Pallid ground squirrel
- Conservation status: Least Concern (IUCN 3.1)

Scientific classification
- Domain: Eukaryota
- Kingdom: Animalia
- Phylum: Chordata
- Class: Mammalia
- Order: Rodentia
- Family: Sciuridae
- Genus: Spermophilus
- Species: S. pallidicauda
- Binomial name: Spermophilus pallidicauda (Satunin, 1903)

= Pallid ground squirrel =

- Authority: (Satunin, 1903)
- Conservation status: LC

Species of rodent

The pallid ground squirrel (Spermophilus pallidicauda) is a species of rodent in the family Sciuridae. It is found in Mongolia and the adjacent Nei Mongol autonomous region.

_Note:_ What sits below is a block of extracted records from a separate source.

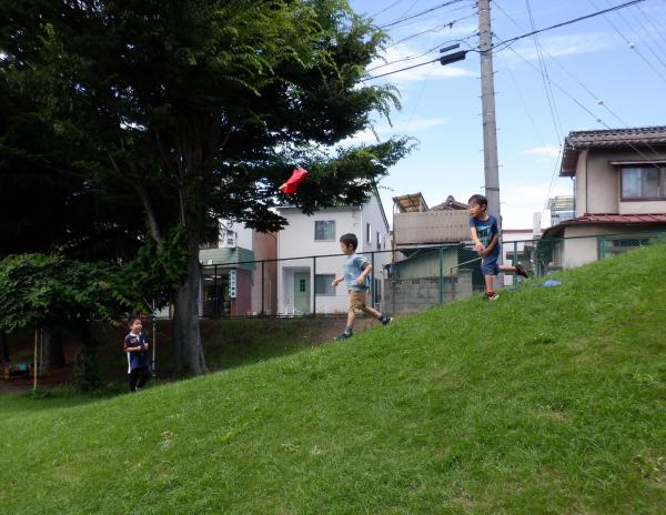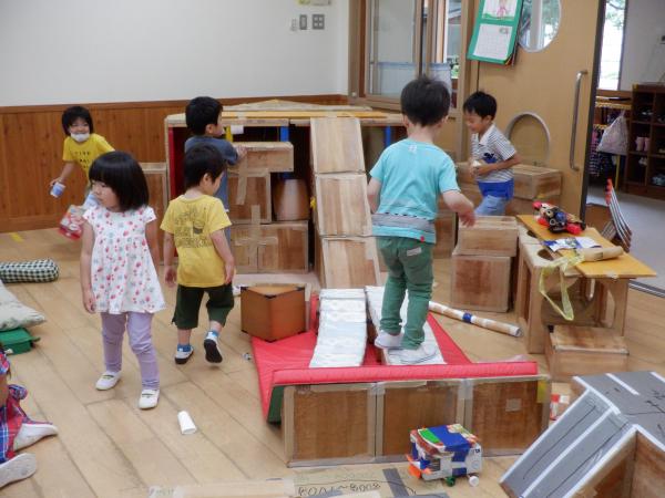 うめ組の子どもたちが声を掛け合いながら,保育室で使っていたマットを倉庫に運んでいました。夏休みに入るので,保育室もみんなできれいにしていたのですね。大人数で息を合わせながら運ぶのは難しいことなのに,みんなお祭りみたいでとても楽しそうでした。
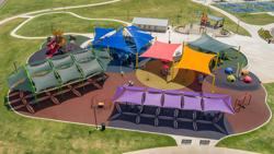 Contact Your ConsultantSkyWays® shade structures create color-coded play zones at this vast, inclusive playground in Rogers, Arkansas. Different colored areas feature fun little imaginative ecosystems separating the various play experiences. The blue area is a fully ramp-accessible interconnected PlayBooster® structure for 5-to-12-year-olds featuring a futuristic star-studded sensory experience tunnel, multiple slides, GeoPlex® Climbers and numerous interactive learning panels. Under the orange and red shade await the inclusive We-Go-Round® and OmniSpin® Spinner, while an oblong purple zone features a 5-bay swing set for children of all ages and abilities. 2-to-5-year-olds are the masters of the green universe, where more fully ramped PlayBooster® equipment features slides, climbers and learning panels just right for kiddos their size. Nearby, a Netplex® cable net tower with springy rubberized belting invites older kids to climb, and then descend the super tall twisty slide. A four-bay inclusive ZipKrooz® ensures that the motion fun never stops. For the hottest days, there’s an Aquatix® splash pad just next to the playground, so kids can cool off and then come back for more color-inspired play.
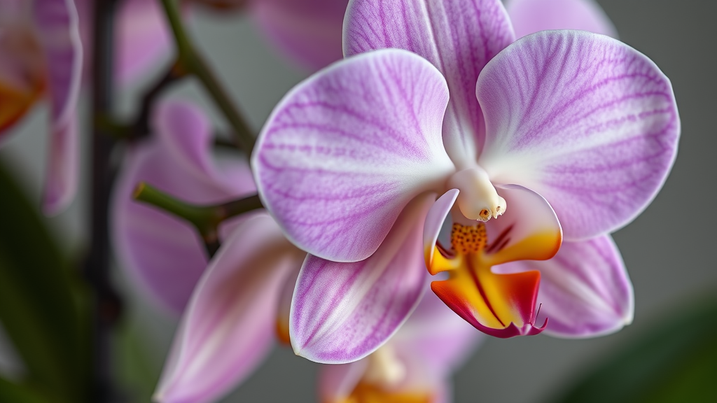 An ultra-realistic close-up of a blooming orchid, showcasing intricate textures and vibrant colors, captured in the style of nature photography with a Sony A7 III camera. The composition emphasizes the delicate petals and rich greens of the leaves, set against a softly blurred background to highlight the flower's details. The image is in an aspect ratio of 1:2, offering a tall and elegant perspective, with a slightly dreamy and artistic flair introduced through a subtle stylization effect.
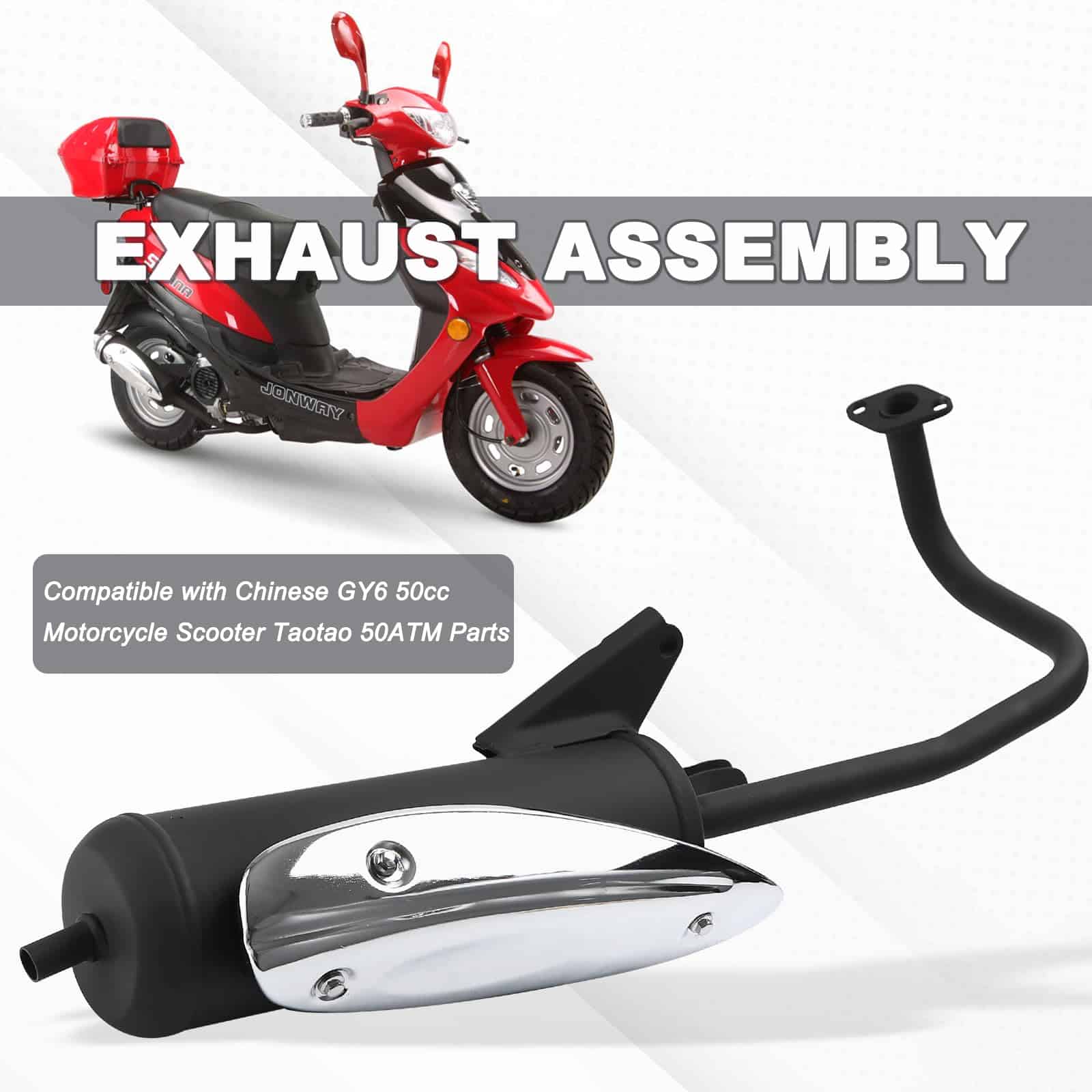 Mofle de escape Mokuo GY6 50cc ensamblado de material
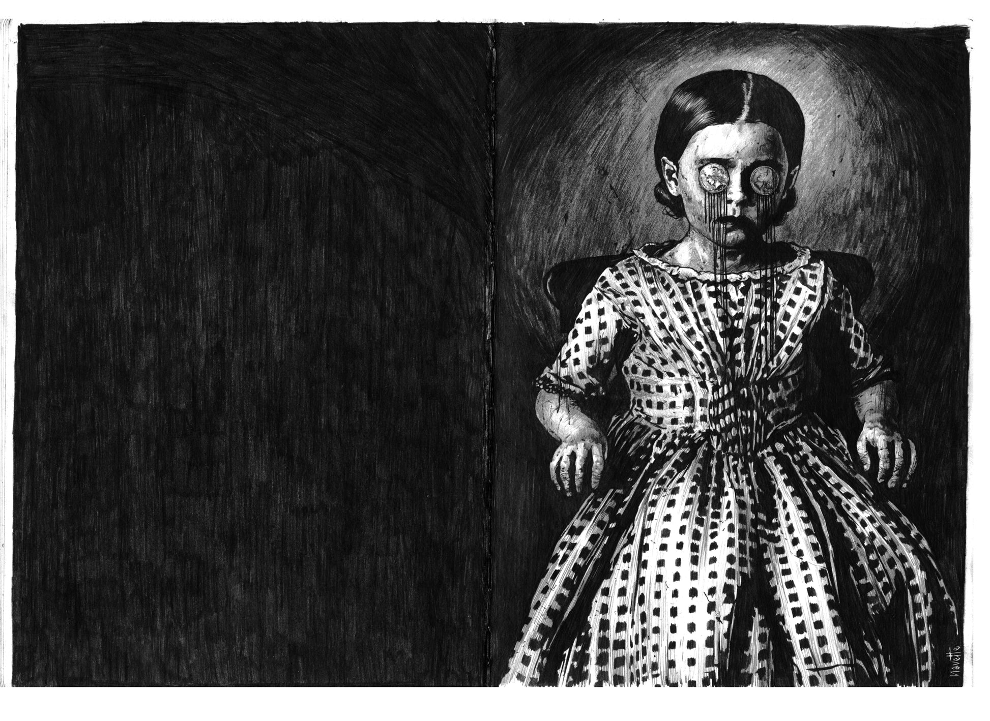 Kleines Mädchen mit Münzen / Risograph von Jean-Luc Navette

A generic revision of the genus was undertaken in 2007 which helped resolve the uncertainty as to whether this species should be considered a subspecies of Spermophilus erythrogenys. A phylogeny based on molecular sequence data determined that S. pallidicauda was indeed a separate species from S. erythrogenys, and from the other similar species in the genus, S. brevicauda and S. alashanicus.

==Distribution==
The pallid ground squirrel is found in Mongolia near Lake Khulu-Nur and the Baidarak River and in Ullyn Bulyk, the Mongolian and the Gobi Altai Mountains. The closely related species, Spermophilus alashanicus from the Alashan Desert and Spermophilus brevicauda, found in eastern Kazakhstan and in Tian Shan mountain range, are allopatric in distribution as they are largely separated by geographic boundaries. It has been found to hybridise with P. alashanicus where their ranges do overlap.

==Description==
This ground squirrel has a strawy-brown colour which takes on a more sandy hue in summer but is still paler than other similar species. The short tail is a whitish-yellow colour with a rust coloured stripe most of the way along the upper side. There is a white streak across the side of the face, white eyelids and a rusty coloured spot under each eye. The underside is generally paler and the length is about twenty centimetres.

==Biology==
This species is quite common in the grasslands of the Gobi and nearby areas. It is a colonial species and active during the day.